There are many other technologies that confirm K, including cross-validation, information standards, information theory hopping, image method and G-means algorithm. In addition, the Cross group distribution of monitoring data points can be further understood
How the algorithm divides data for each k.
Example: applying K-means Clustering to distribution fleet data
For example, we will show how the K-means algorithm handles the sample data set of the distribution team driver data. For simplicity's sake, we'll only look at two driver features: Average daily driving distance and the average time percentage of a driver >5mph above the speed limit. Total
Body, the algorithm can be used for any number of features, as long as the number of data samples is much larger than the number of features.
Step 1: Clean and retrofit data
In this case, we've cleaned up and done some simple data transformations. The data sample is shown as Pandas Dataframe as follows.
The following chart shows the data sets of 4,000 drivers, the x axis represents the distance feature, and the Y-axis represents the acceleration feature.
Step 2: Select K and run the algorithm
First choose K=2. For this example, use the Python package Scikit-learn and numpy for calculations, as follows:
The category token is returned with Kmeans.labels_.
Step 3: Review of results
The results are shown below. You can see that the K-means algorithm is divided into two groups based on the distance feature. Each cluster centroid is marked with a star.
Center of mass of Group 1 = (49.62, 8.72)
Center of mass of Group 2 = (179.73, 17.95)
Using the domain knowledge of the dataset, we can infer that group 1 is an urban driver, and group 2 is a village driver.
Step 4: Iterate over the values of K
Test the results of the k=4. To accomplish this, all you need to change is the number of targets in the Kmeans () function.
The following chart shows the results of clustering. We saw that the algorithm identified four different groups; the drivers of speeding are now separated from those who observe the speed limit, except the difference between the countryside and the city. The speed threshold of urban driving group is higher than that of rural drivers
Low, probably because city drivers spend more time on intersections and parking traffic.
Additional Notes and alternatives
Feature Engineering
Feature engineering is the process of using domain knowledge to select which data metrics are used as feature inputs into machine learning algorithms. Feature engineering plays a key role in K-means clustering, and it is essential to capture the variability of data using meaningful features, and to identify all naturally generated groups for the algorithm.
Categorical data (for example, category labels such as sex, country, browser type) need to be encoded or separated from the data in a way that still allows the algorithm to be used.

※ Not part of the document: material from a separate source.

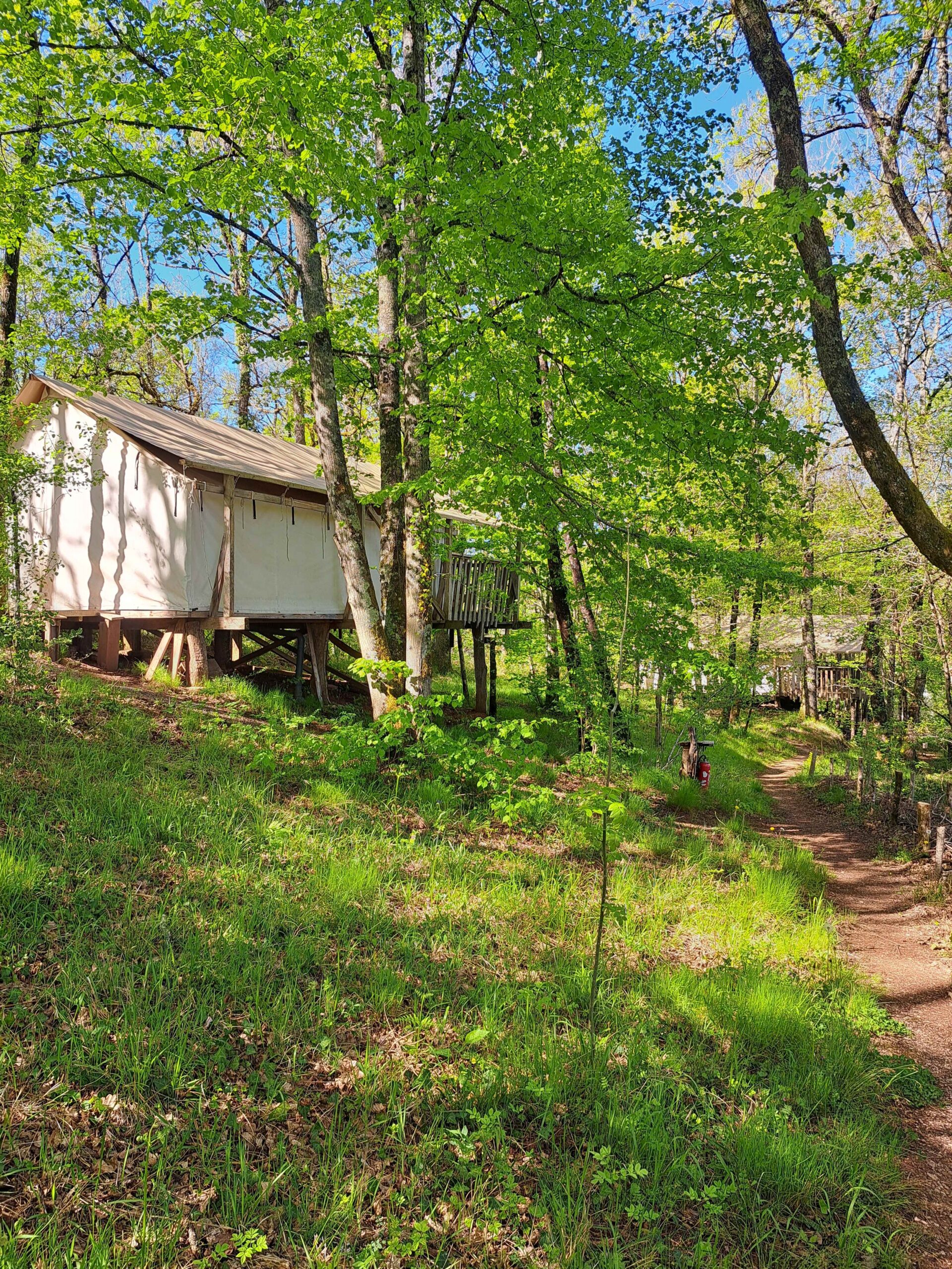 Avec coin cuisine, salle d’eau, toilettes, et joliment meublées, elles offrent à la fois un confort douillet et un contact direct avec la nature. Le grand espace privé autour de la tente lui garde toute son intimité et les soirées se prolongent délicieusement à la lueur des bougies. Coin cuisine avec plaques de cuisson, petit frigo et machine à café à filtre.

Feature transformations, in particular representing interest rates rather than measurements, can help normalize data. For example, in the example of delivering a convoy above, if the total driving distance is used instead of the average distance per day, the driver is driven by how long they are driving in the company instead of the rural and urban groupings.
Alternative scenarios
There are many alternative clustering algorithms, including Dbscan, spectral clustering, and Gaussian mixture modeling. dimensionality reduction techniques, such as principal component analysis, can be used for different group patterns in the data. One possible result is that there is no organic cluster in the data;
Some data along a single group of contiguous feature ranges. In this case, you may need to review the data features to see if you need to include different measurements or feature transformations to better represent the variability of the data. In addition, you may want to impose a classification or
Mark and modify your analytical methods based on the knowledge domain.